Russia invades Ukraine {2022-02-24} (Part 1)

Even beyond training capacity, he doesn’t even have the organizational capacity to say “you go HERE, but you go HERE” especially with a relatively large amount of untrained or even raw recruits who probably are not as flexible in what they could do right now. It would take months to just organize them all, of course, unless the situation is so desperate that you want either a fairly literal human wave of attackers. If this were truly a great patriotic war you would also be able to shove them into relatively unsupervised support roles, but I don’t think doing so before being trained, before being vetted for capabilites would work very well , and it would be dangerous to have unwilling people allowed to handle expensive back end equipment and inefficient to watch over them with sufficient trained and loyal troops to make sure they do their job.

Everything. The jet looks superimposed,the flames out the back aren’t right, it doesn’t move like it should and the explosion is chopped and spliced in. Watch it in full screen mode.

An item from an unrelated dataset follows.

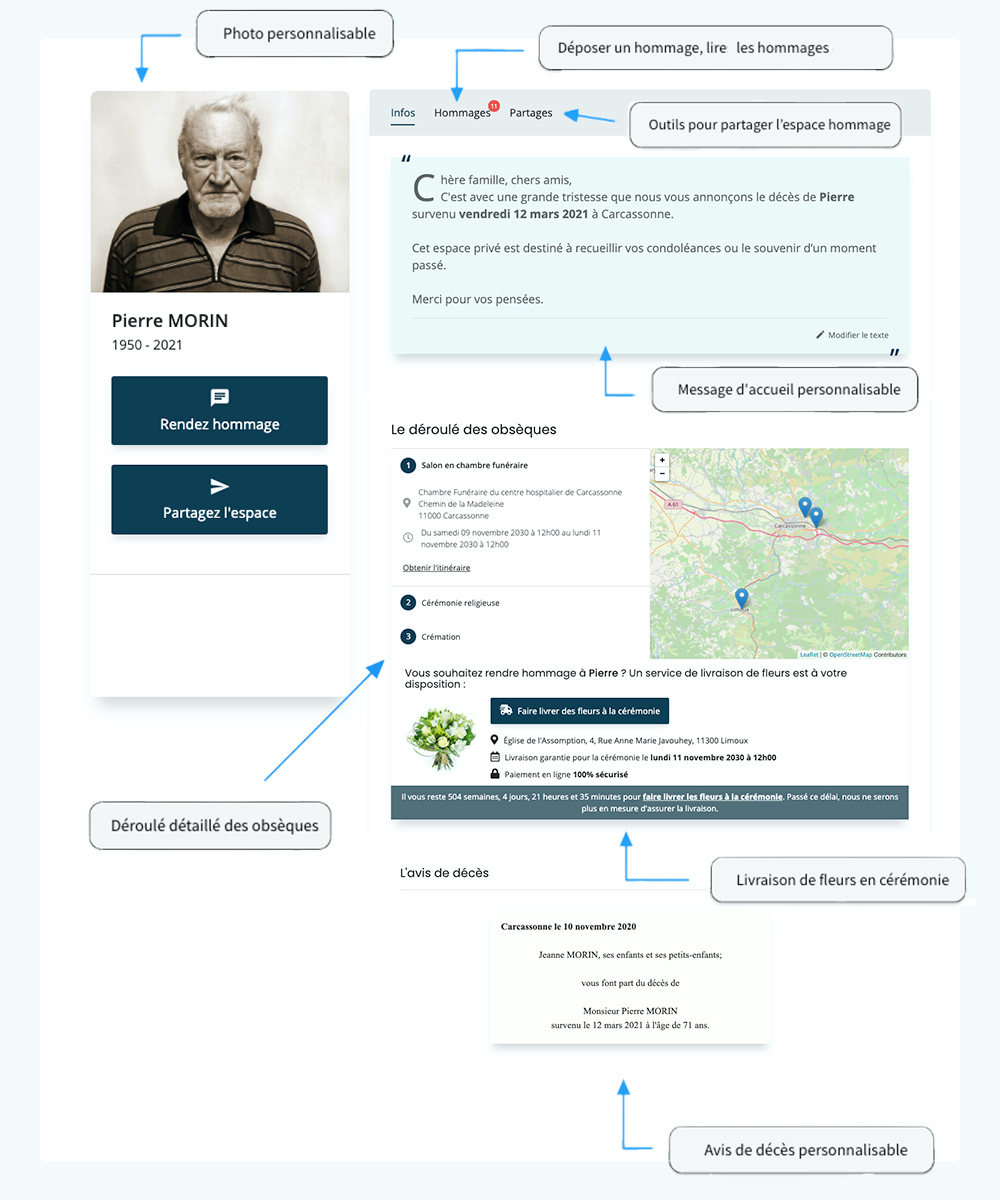 Vos proches peuvent témoigner leur soutien en déposant des messages de condoléances et des photos. Vous pouvez interagir en remerciant vos proches et en répondant aux messages. Il est possible d’accéder à cet espace sans aucune limite de temps et de faire imprimer sur un livre tous les hommages déposés.

I don’t know why you would. Reading the comments on the twitter threads reveals that the people geolocating the footage determine that the video initially reported as a Ka-52 (the third video in @Al128’s post above) is actually the same incident as the second video (reposted with slightly higher resolution by @Walken_After_Midnight). They’re shot from opposite directions, and yet the the plume of smoke the plane flies past after it’s hit but before it crashes is in the right spot, and the entire scene maps perfectly onto the Google Earth view of the area east of Kupiansk. Either someone went to the trouble to create a photorealistic model of the Kupiansk environment (even the latest Microsoft Flight Sim doesn’t procedurally generate environments that accurately, so someone would have to have done it manually) in a combat flight sim and then recorded an in-game shootdown from multiple directions, or this actually happened.

Geolocation:

Google Maps link to the scene:

I have no comment on the musical taste of the Ukrainian soldiers adding soundtracks to their drone video before posting them to social media.

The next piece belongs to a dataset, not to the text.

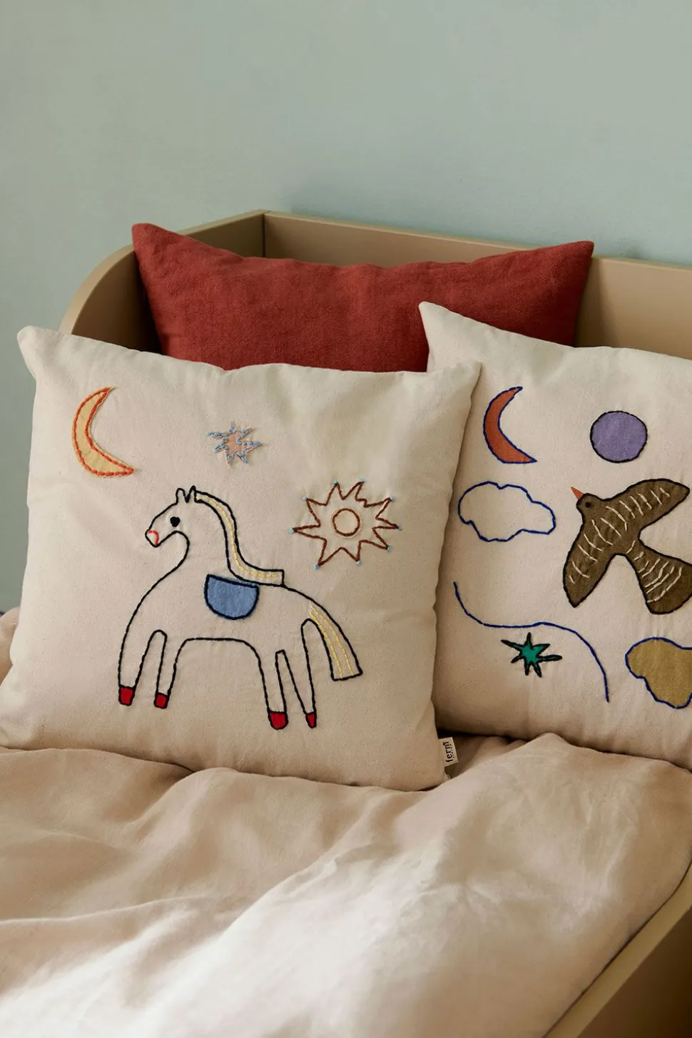 - Material: Handgestickt aus 100% ungefärbter GOTS-zertifizierter Bio-Baumwolle mit Stickerei, Federn- und Daunenfüllung.

In any event, this area is very close to the Ukrainian bridgehead across the Oskil and will likely be under Ukrainian control within a week or two, at which time stills of the crash scene will probably become available.

Moderating:

As what_exit already said, this is the breaking news thread, and long digressions about whether other countries ought to accept Russian draft dodgers really aren’t appropriate. Fortunately, we have another thread for that:

Please stop posting about it here, unless it’s to post some factual news item, such as a change in how some other country is actually handling the matter.

More likely they’ve superimposed images from a drone.

If there was a drone in the area that captured a shoot down then they would fly it over the wreckage.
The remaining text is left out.